Nor can the law be read literally. At first glance, it covers schools that are named after Native American tribes, traditions, or individuals. For example, Ouray High School, whose sports team name is the Trojans, is technically not in compliance with the law because it is named after Chief Ouray of the Ute tribe.

But Colorado knows it could never force schools like Ouray, Cheyenne Mountain, Cherokee Trail, Pagosa Springs, Pawnee and Arickeree to change all of their school names. So what did they do? They invented a geographical exception and inserted it into the application of the law, to save the Colorado legislature from its errors.

The law also has the strange effect of disfavoring schools that would honor American Indians. For example, during our litigation, we took the testimony of the director of the Colorado Commission on Indian Affairs, Kathryn Redhorse. Ms Redhorse acknowledged that a school named after Chief Sitting Bull would not be able to use a historically accurate and respectful image of its namesake on its letterhead. And surprisingly, even the name “Sitting Bull” could never appear on the logo of such a school. Of course, it’s ironic that no such restrictions exist for Custer High School, named after General George Custer.

In addition, Colorado has also expanded the scope of the law in other places. For example, he issued guidelines prohibiting schools from using words that were even “associated” with American Indians. The Yuma School District, for example, wanted to drop its “Indians” mascot and become the Yuma “tribe.”

But this was too closely associated with American Indians, even though the word “tribe” is used in unrelated contexts (such as the twelve tribes of Israel). So, faced with the rejection, Yuma decided to forgo using a mascot for the time being.

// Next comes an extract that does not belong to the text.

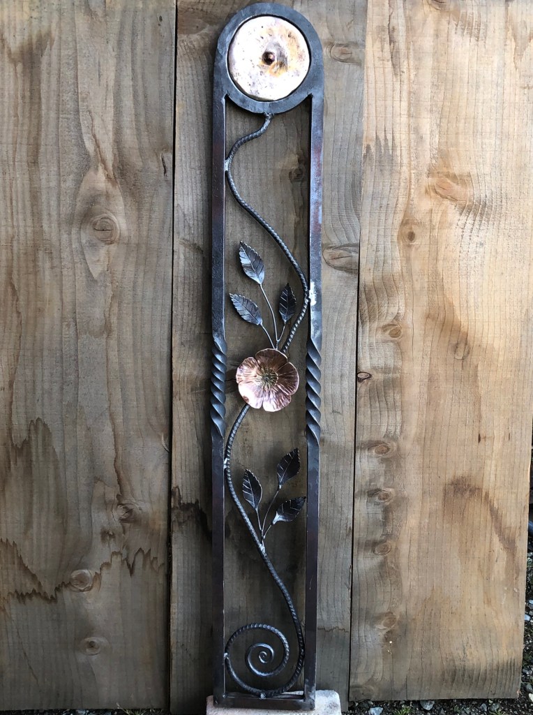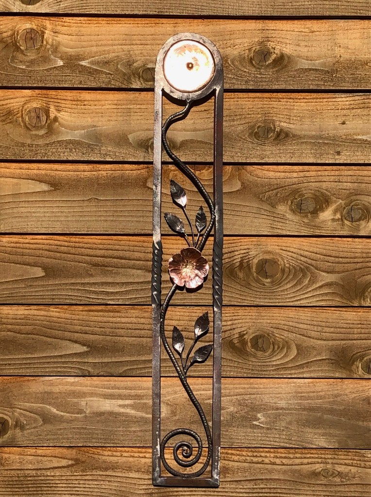 A decorative accent as an example of what I can weld into a larger project like a gate, arbor or porch railing. The primordial spiral, the wild rose,and the solar disc. Forged,welded and cast from 3/4″ steel square stock, 3/8″ rebar, 1/8″ welding rod, steel, copper ,and brass sheet metal, and poured bronze.

Similarly, Lamar High School wanted to remain the Lamar Savages (or, alternatively, the Lamar Savage Thunder) but remove all Native American references and imagery. But no luck. The CCIA said the word “savage” was deemed too offensive in any context, and Lamar narrowly avoided a massive financial penalty at the last minute. That would have been $25,000 a month, by law.

Recently, the commission even voted to add 10 more schools to its list, all of which have a “Thunderbird” mascot. The Thunderbird is a mythological creature that has been historically, but not exclusively, associated with American Indians. These schools are therefore now on the list to change their mascots.

A CCIA commissioner even expressed distaste for schools with feathers in their logos, as feathers might be associated with American Indians. Of course, feathers are also associated with… birds. But the sad truth is that schools can be sure that enforcement of the mascot ban will continue indefinitely and there will be surprises along the way.

The schools, for their part, agree. After all, they get their money from the state of Colorado and generally want to avoid biting the hand that feeds them. And in dismissing our case, the judge noted that the primary harm is to the schools, not our customers.

But that’s not entirely accurate.

Because the next time a school is considering naming itself after a Native American individual, tradition, or tribe, they’ll just avoid the legal headaches and name it after something that couldn’t get them in trouble. . On the one hand, if a school is named after a white person, that’s clear. But if he is named after an American Indian, he could be in legal trouble. This is exactly what worries our American Indian customers.

There’s been a lot of talk lately about “cancel culture”. Here, culture has been literally canceled. And our Native American customers have been told that representations of their heritage are now illegal. But it turns out that the doors of the courthouse are closed to them. Now the only solution is with the citizens of Colorado and its legislature.

William Trachman is the General Counsel for the Mountain States Legal Foundation and a former Deputy Assistant Secretary for Civil Rights at the United States Department of Education. Erin Erhardt is an attorney at the Mountain States Legal Foundation.